Data excerpts
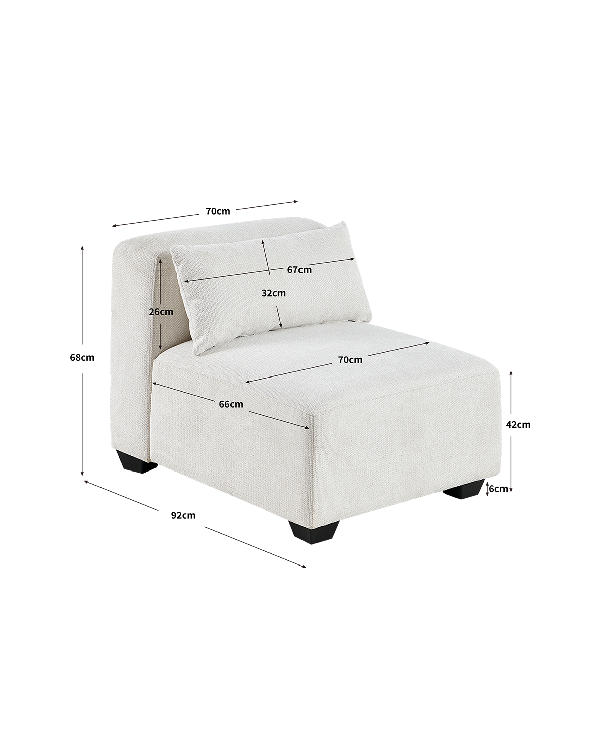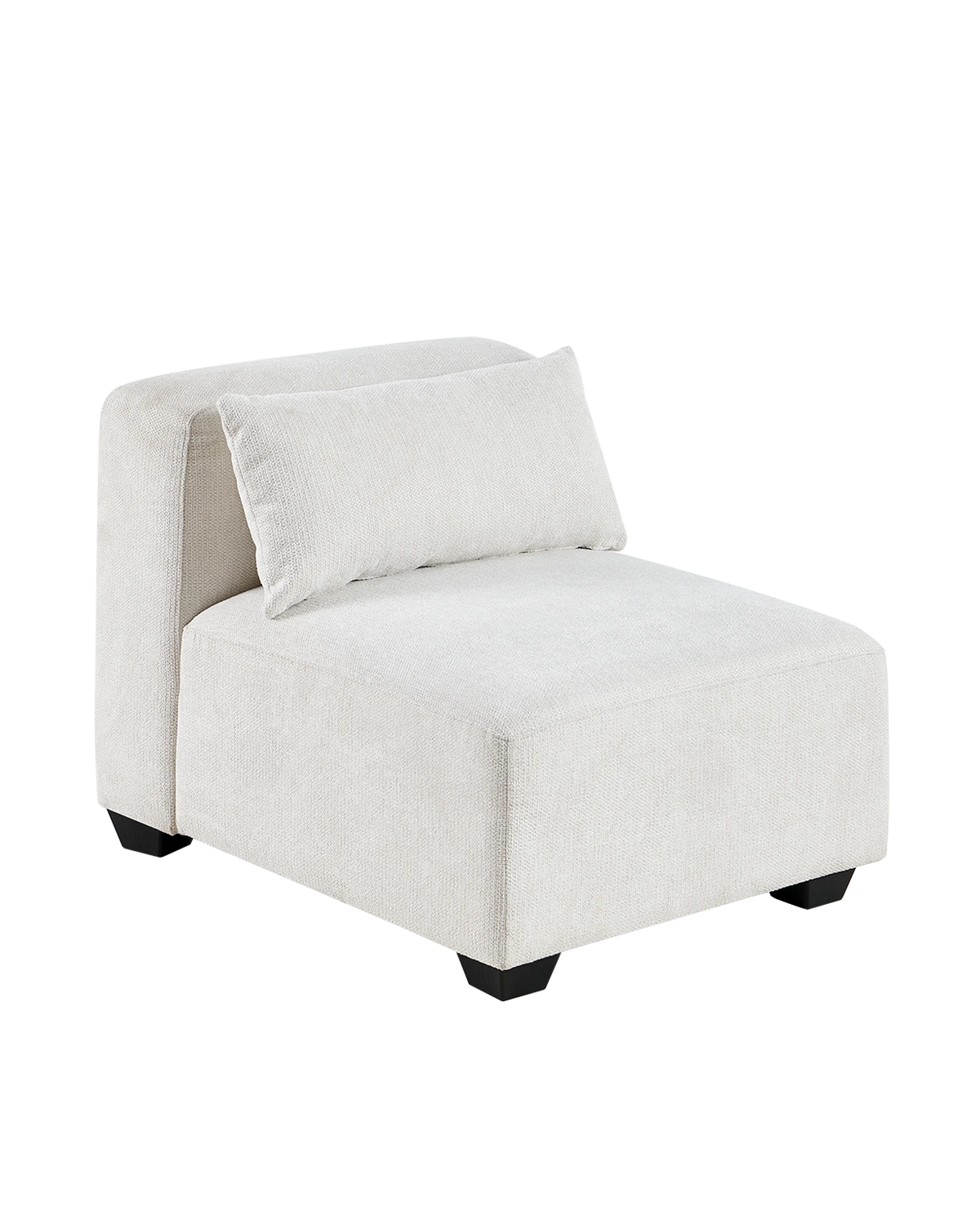 - Módulo de sofá Liza medio Beige combina confort y diseño atemporal, pensado para integrarse en diferentes estilos de salón. El acabado en beige aporta calidez y versatilidad, mientras que su formato de 1 plazas lo convierte en el centro de reuniones familiares o de momentos de descanso. Su carácter práctico lo convierte en una pieza imprescindible para el hogar. Tapizado en poliéster, ofrece una superficie agradable al tacto y fácil de mantener, la estructura en tela y madera refuerza la resistencia y la durabilidad, los asientos mullidos proporcionan la comodidad necesaria para el día a día y las patas de plástico aseguran estabilidad y un estilo natural. Una propuesta versátil que encaja en ambientes modernos, clásicos o nórdicos, aportando equilibrio estético y funcionalidad a cualquier espacio.
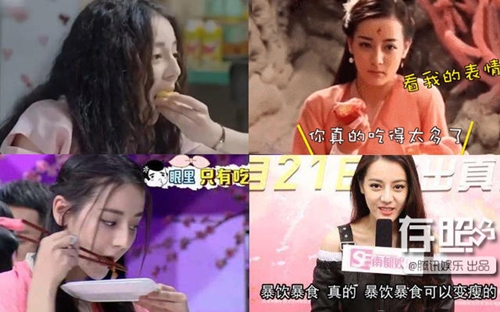 Triệu Lệ Dĩnh từng tiết lộ, niềm đam mê của cô là ăn uống. Chính vì thế, khi đảm nhận vai diễn Sam Sam trong phim Sam Sam đến rồi có nhiều cảnh quay ăn uống, người đẹp sinh năm 1987 không ngại ngần “ăn thả phanh”. Sau khi phim đóng máy, Lệ Dĩnh tăng lên gần 4kg (ảnh trái trên và dưới). Khi đóng Yên chi, cô nàng Hoa Thiên Cốt rất hào hứng khi quay cảnh ăn (ảnh trên bên phải). Ngay cả tham gia show Thần tượng đến rồi mùa 1, nữ diễn viên Sở Kiều truyện cũng ăn uống rất ngon lành bất chấp lúc ghi hình hay nghỉ ngơi.
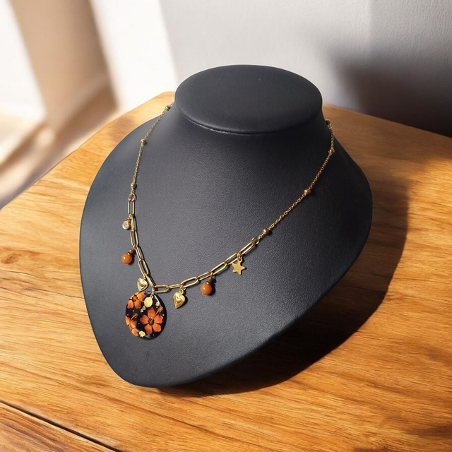 Découvrez les colliers breloques Flora, uniques, dessinés et fabriqués à la main avec passion et créativité. Chaque pièce est une œuvre d'art originale, créée sur une chaîne en acier inoxydable mixte de 44,5 cm, avec une chaînette de prolongation de 5 cm pour un ajustement parfait. Le pendentif central mesure 3 cm (30mm)
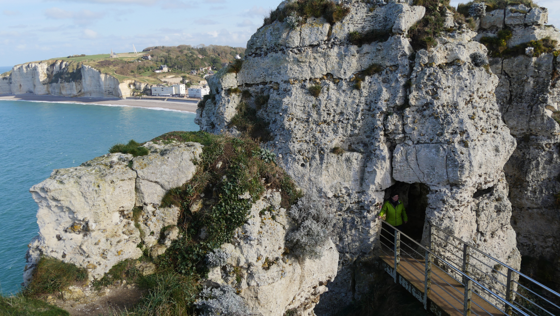 Etrètat kennt man wegen den Felsformationen. Bislang waren wir auch erst einmal da und haben die üblichen Fotos gemacht. Heute suchen wir uns über die App komoot eine kleine Wanderung von 5 km und klettern an der Küste und auf den bekannten Felsen selbst. Es lohnt sich.
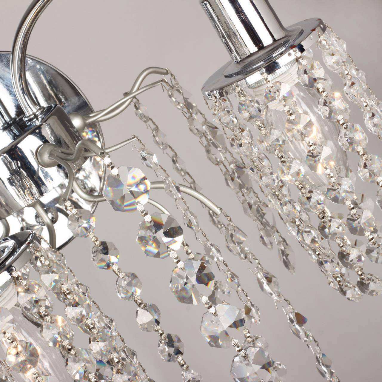 бра коллекции Caesar выполнена в традиционном классическом дизайне хрустальных люстр, металлический каркас цвета хром, подвески из хрусталя высшего ка
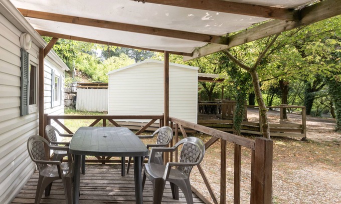 Caravan 'Midi - Mobil Home 4-6 Pers' with Private Terrace and Shared Garden | RV Rental in Vallon-Pont-d'Arc
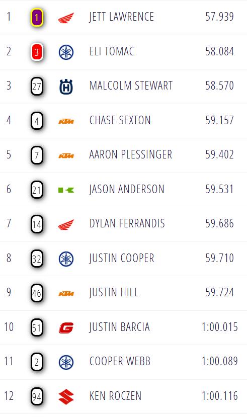 Jett Lawrence remained the quickest of the 450 riders, but it was Haiden Deegan who came out swinging in the 250 qualification. The Aussie and American will do their best to take it to the opposition tonight. Not much in it between Lawrence and second quickest man, Eli Tomac, so expect fireworks later tonight.
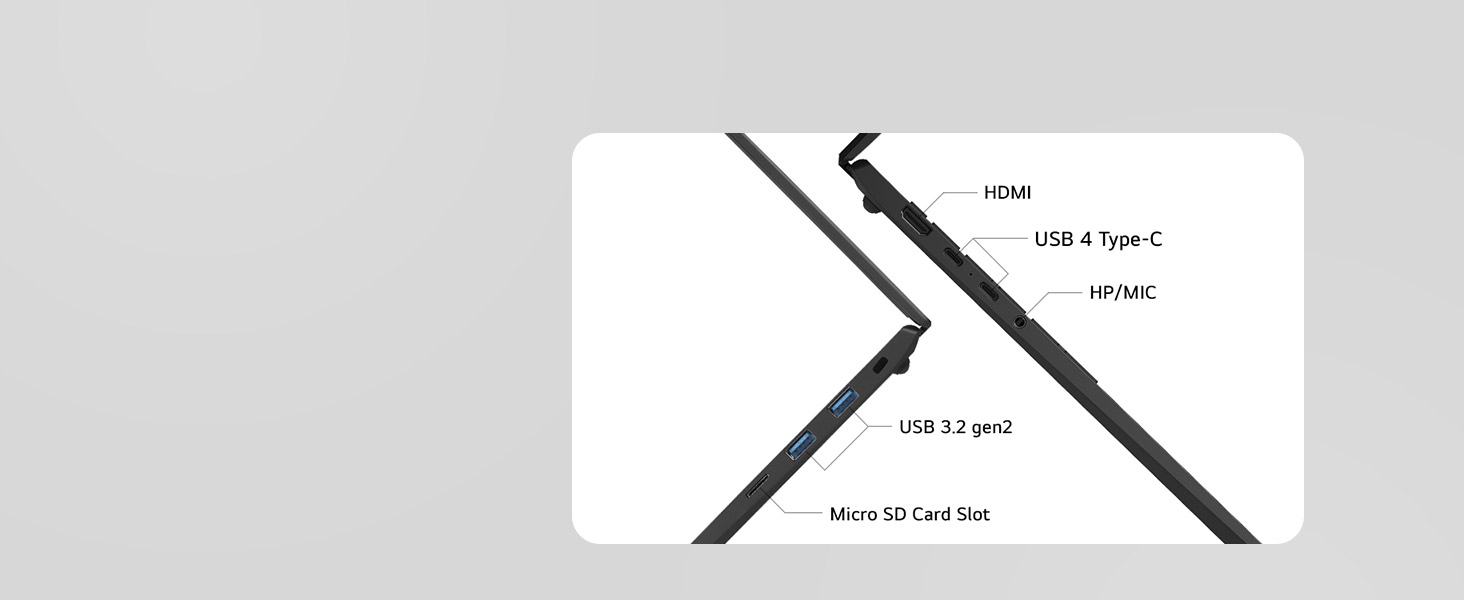 Connect with gram +view, high-speed storage, bigger monitors or cutting-edge devices by multi-ports.
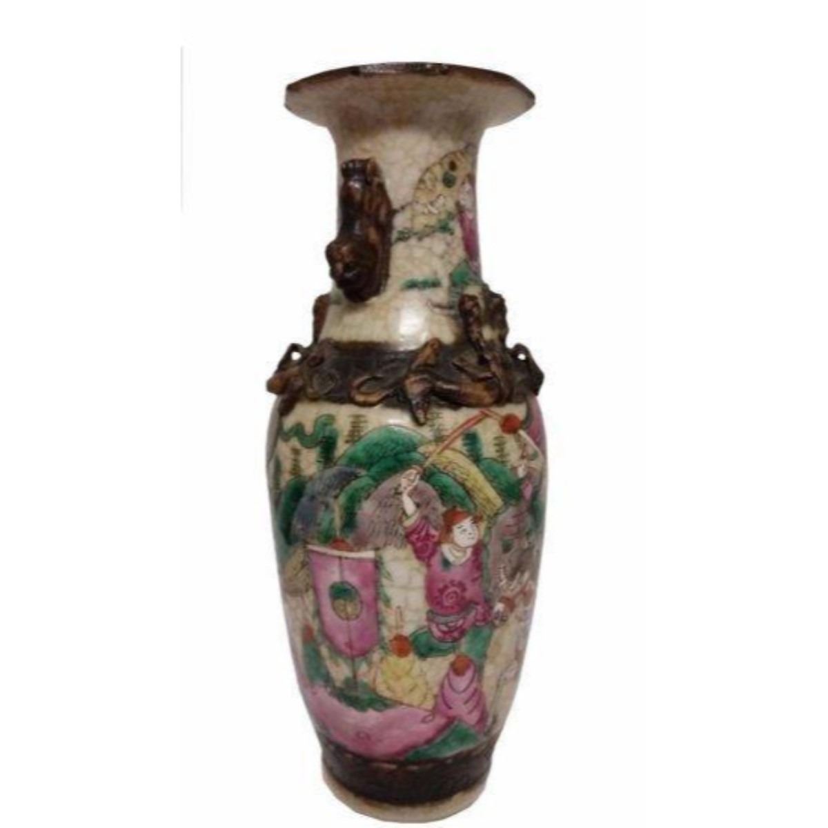 Antique Chinese porcelain crackled glaze warrior vase 8 1/4 " tall x 3 1/2 " wide
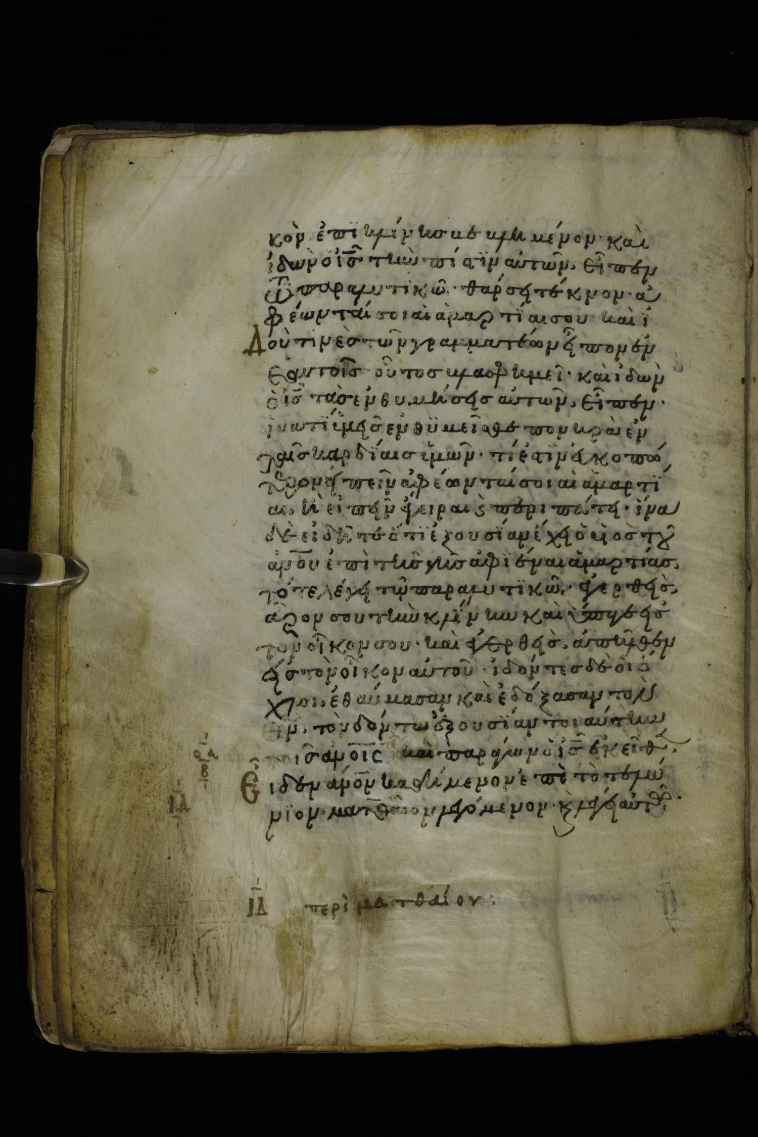 Twelfth century minuscule of the Gospels on parchment; 277 leaves, 1 column, 22 lines per column. Images were taken at the National Library of Greece in Athens.
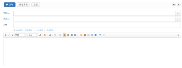 1) 進入寫郵件頁面,在“收件人”輸入框中填寫接收郵件者的郵件地址,在“抄送人”輸入框中填寫抄送人郵件地址,在“主題”輸入框中填寫郵件的主題,并在內容框內填寫郵件的內容,然后點擊“發送”按鈕,即可完成一封標準郵件的發送。(也已通過點擊“添加密送”按鈕,為郵件添加密送人的郵件地址)

**Instructions to follow:** Please write out the lines above, beginning at the line with "Twelfth century minuscule" and ending at the last line of the records, exactly as they appear and without pictures.

**Solved problem:**
 Twelfth century minuscule of the Gospels on parchment; 277 leaves, 1 column, 22 lines per column. Images were taken at the National Library of Greece in Athens.
 1) 進入寫郵件頁面,在“收件人”輸入框中填寫接收郵件者的郵件地址,在“抄送人”輸入框中填寫抄送人郵件地址,在“主題”輸入框中填寫郵件的主題,并在內容框內填寫郵件的內容,然后點擊“發送”按鈕,即可完成一封標準郵件的發送。(也已通過點擊“添加密送”按鈕,為郵件添加密送人的郵件地址)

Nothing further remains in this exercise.